The getName() method is just an identifier for your Service, typically the fully-qualified class name or something similar that will be unique and easy to use in identifying your Service. The ready() method is called on all Services in turn once all the Services have been constructed. It's basically a notification that the system is finished setting up, and your final chance to bail if there are any last-minute problems getting setup. The shutdown() method, unsurprisingly, is called when the local node is shutting down. You can take as long as you need to shut down, but if for any reason you can't finish shutting down, then you can return false.

The only thing left is to get your Service started. To do this, you use the property, which is a colon-separated list of Services to include on startup. Make sure your Service implementation is in your classpath, and then specify the fully qualified class name to the property, either in your application's property file or on the command-line:

That's it. You've got a Service implemented, setup and running in the stack. Any other Service can resolve it, and use the functionality that it exports. Of course, our Service doesn't do much at this point. Let's work on that.

Suppose you are building some infrastructure around Darkstar, including a web interface where players can login to chat, post to forums, etc. It would be nice to allow players who are in-game know when friends are logged into the web site, since then they could chat back and forth, invite the friends to login to the game, etc.

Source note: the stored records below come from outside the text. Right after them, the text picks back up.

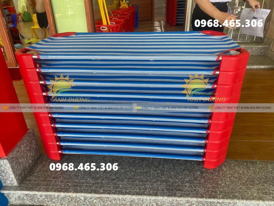 Mặt giường bằng vải lưới làm từ sợi cotton bọc nhựa chống thấm nước, thoáng mát mang lại giấc ngủ ngon cho bé, co giản vừa phải, giúp cột sống thẳng và đảm bảo phát triển sinh học.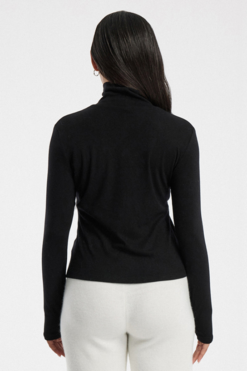 Classic long sleeve knitwear with a high turtleneck design offering warmth and a sleek fit for everyday wear.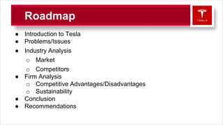This document provides an overview of Tesla Motors including its mission, vision, vehicles, and strategy. It discusses Tesla's goal of making electric vehicles (EVs) a viable alternative to gas-powered cars. The document also analyzes Tesla's position in the automotive industry including competitors and factors impacting growth. It identifies Tesla's technological advantages but also challenges related to costs, production delays, and limited charging infrastructure. Recommendations are made to expand Tesla's network of superchargers and service centers while maintaining responsible technology development and market share gains.

There are lots of ways to accomplish this, but in the spirit of trying to come up with an example that shows most aspects of writing a Service, let's assume that you want to do this by calling out to the web site to get the player's status. The model we'll assume here is that there's a known URL you can query that will return a boolean representing the status. Pretty simplistic, but not too unreasonable, eh? (work with me here...)

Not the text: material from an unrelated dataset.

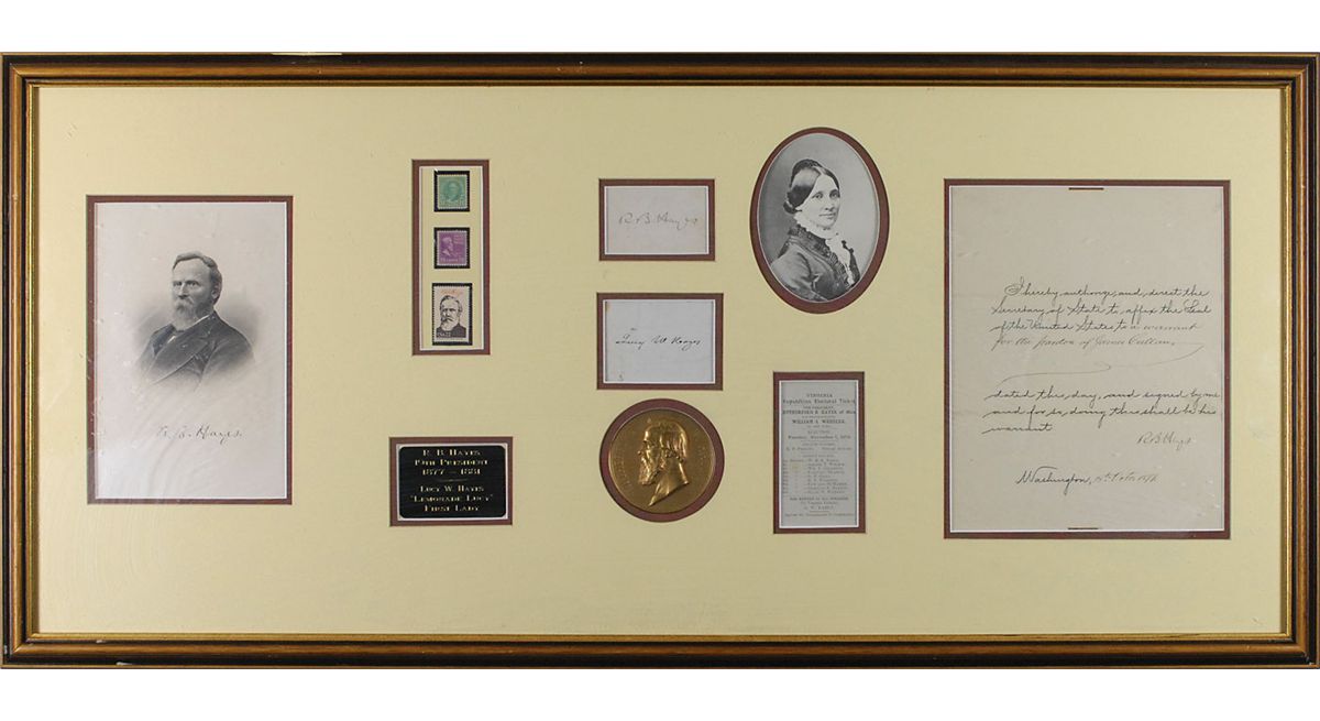 DS, as president, signed “R. B. Hayes,” one page, 8 x 10, October 18, 1877. Hayes orders the Secretary of State “to affix the Seal of the United States to a warrant for the pardon of James Callan”; and ink signatures, “R. B. Hayes,” and “Lucy W. Hayes,” on individual off-white slips. All are double-matted and framed with two portraits, a small plaque, electoral ticket, and a medallion of Hayes, to an overall size of 37.75 x 18. In fine condition, with some light creasing to Lucy’s slip. Oversized.

First off, your Service will need to know where to go to make this query. Since you're already getting properties as an input, this is a good place to define the server end-point:

  public static final String URL_PROPERTY = "MyService.baseURL";
  private final String baseURL;

  public MyService(Properties properties, /\*...\*/) {
      baseURL = properties.getProperty(URL_PROPERTY);
      if (baseURL == null)
          throw new NullPointerException("Base URL must be specified");

Now it's just a matter of providing a method so that other Services can query your Service:

  // ....
      public boolean isLoggedIn(String userName) {
          try {
              URL queryURL = new URL(baseURL + userName);
              int result = queryURL.openStream().read();
              return (result == 1);
          catch (Exception e) {
              return false;

Easy right? Now, note that none of what we've done so far has been transactional. This means that the call to isLoggedIn() can take as long as we want, and nothing will time out. Of course, this means that we can't call this method from a transaction, and it also means that we have to be pretty careful calling this method, since it could block something else that needs to run in a timely manner. So, while we've got some nice basic logic that other Services may be able to use, we don't have something we can export to the application.

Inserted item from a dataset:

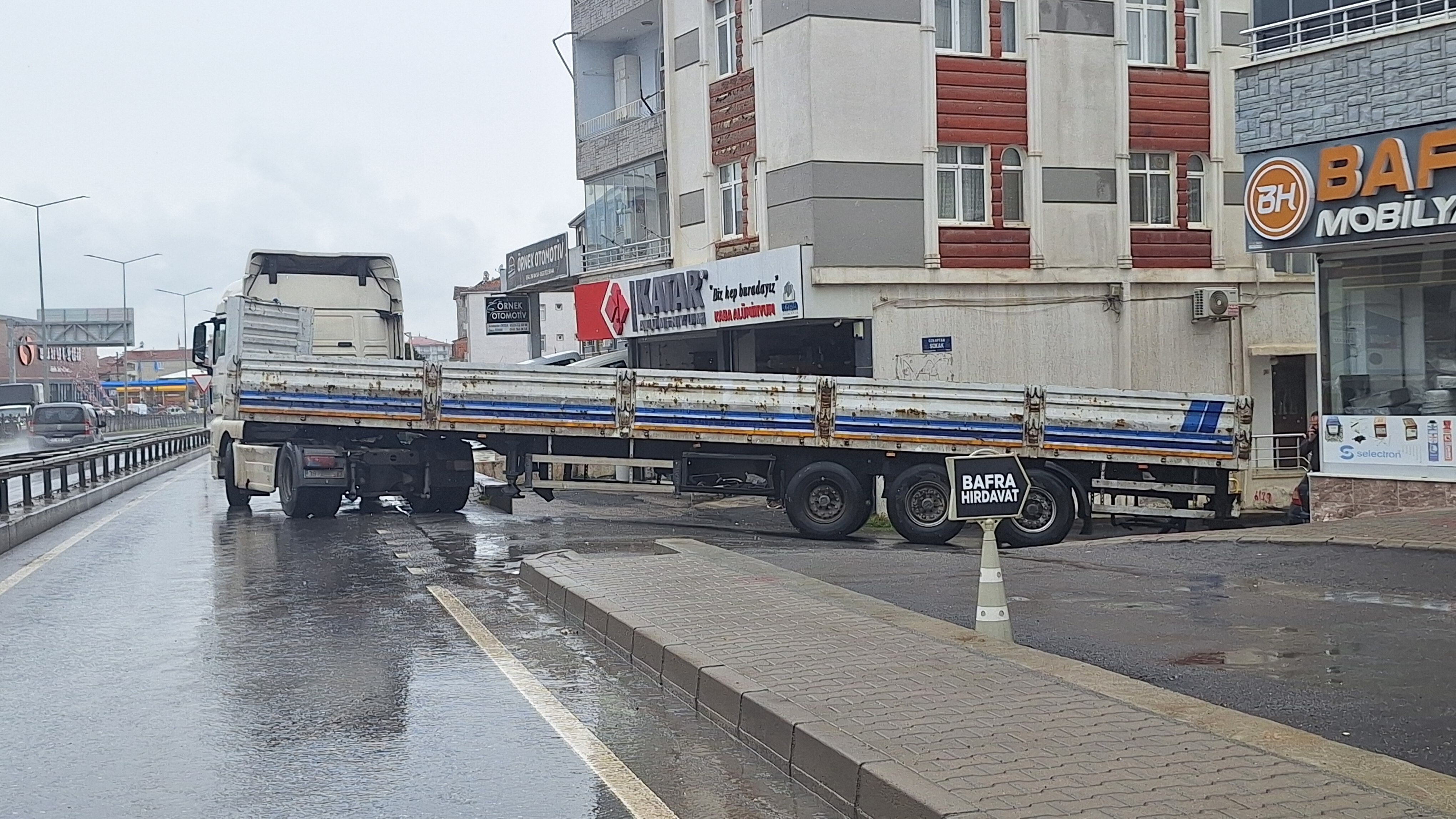Samsun'un Bafra ilçesinde tır sürücüsü, meydana gelen kzada sıkışan dorseyi kurtarmak isterken yaralandı. Alınan bilgiye göre, M.E. (55) idaresindeki 38 AIP 913 plakalı tır, Samsun-Sinop kara yolu Kavakpınar Mahallesi'nde yük boşalttıktan sonra ana yola çıkarken önce kaldırıma, ardından park halindeki bir otomobile çarptı.

This gets to the core of perhaps the hardest problem with writing code at this layer: you are working on the boundary between transactional and non-transactional code, and often have to switch between these two worlds. The key is to be careful in documenting your methods, and keeping track of what state you're in at any given time. It can twist your mind around, but once you get into the zen of how this works, it's a lot of fun (where define "fun" to mean "fun to crazy people like me who like hurting their brains on occasion"). In case you're wondering, no, this isn't specifically an artifact of how we do things in Darkstar. Pretty much any transaction-driven system has this layer, and it's always difficult to work here.

So, what's the trick to writing good code at this level? You need to work asynchronously. If you look at how the standard Services are implemented, you'll see a lot of hand-off and Future-like interfaces. The isLoggedIn() method above is synchronous: it blocks until a result is available or an error occurs. With this in mind, let's add a new method that hands-off control:

      public void isLoggedIn(String userName, StatusCallback sc) {
          // return immediately, queuing up the status query...more on
          // the details below

      public interface StatusCallback {
          public void notifyLoggedIn(String name, boolean loggedIn);

The new method is defined to return immediately, and takes a callback object that is called when a result is ready. Now we have a method that will take a small, bounded amount of time to run, and can therefore be called from within a transaction. Better still, this is something that can easily be exposed to application code, since the application can make this call and then wait to be notified with a result. The only thing left to do now is implement the query method (details, details..). Usually in Java this would be a place where you'd create a new Thread to do the work, and that would be fine here. But, there's another option that has some nice benefits. Darkstar is built on a task model, with core schedulers that schedule and run the tasks, report profiling data, etc. When you write a Service, you can use this core facility:

  import com.sun.sgs.kernel.TaskScheduler;
  // ...
      private final TaskScheduler taskScheduler;
      public MyService(Properties properties,
                       ComponentRegistry registry, /\*...\*/) {
          taskScheduler = registry.getComponent(TaskScheduler.class);

This interface will give you a scheduleTask method that you can use to submit a task to run. The interface you use is KernelRunnable, which has a run() method as well as a method for identifying the type of task (which is really useful when you look at the profiling output). Just implement the run() method to call the original isLoggedIn() method, and then invoke the callback when it's finished. If you look at the scheduler methods, you'll see that they take an Identity as well as a task. This is the owner of the task, or the entity who is actually doing the work (for all the gory details, check out my last blog entry).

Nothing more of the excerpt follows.